Return the lines of the listing below exactly as they appear, beginning at the one with "PARAFUSOS CANULADOS HCS 2.4 E 3.0MM" and stopping after the one with "Hervormde begraafplaats Ochten"; do not include pictures.

Material for this task.
• • • • • • •
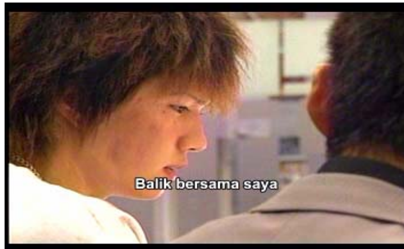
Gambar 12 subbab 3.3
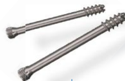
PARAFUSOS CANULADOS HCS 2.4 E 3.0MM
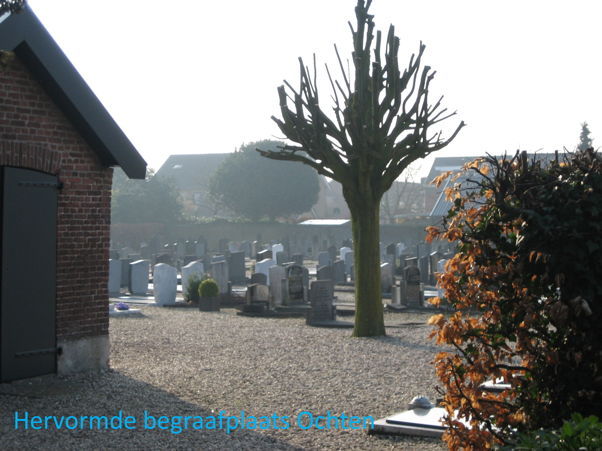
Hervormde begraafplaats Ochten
• • • • • • •
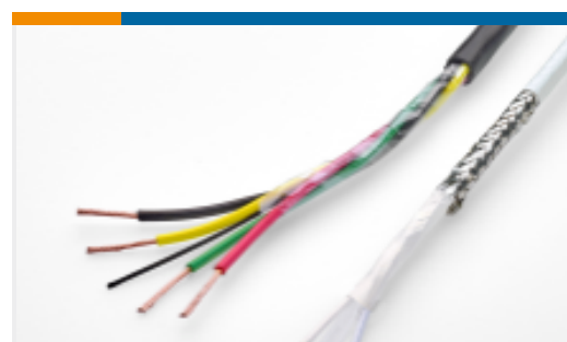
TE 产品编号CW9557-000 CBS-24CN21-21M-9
• • • • • • •
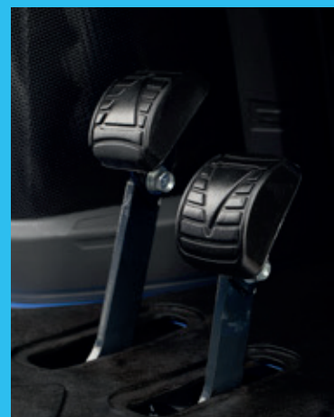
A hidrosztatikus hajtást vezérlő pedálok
• • • • • • •
Answer to this exercise.
PARAFUSOS CANULADOS HCS 2.4 E 3.0MM
Hervormde begraafplaats Ochten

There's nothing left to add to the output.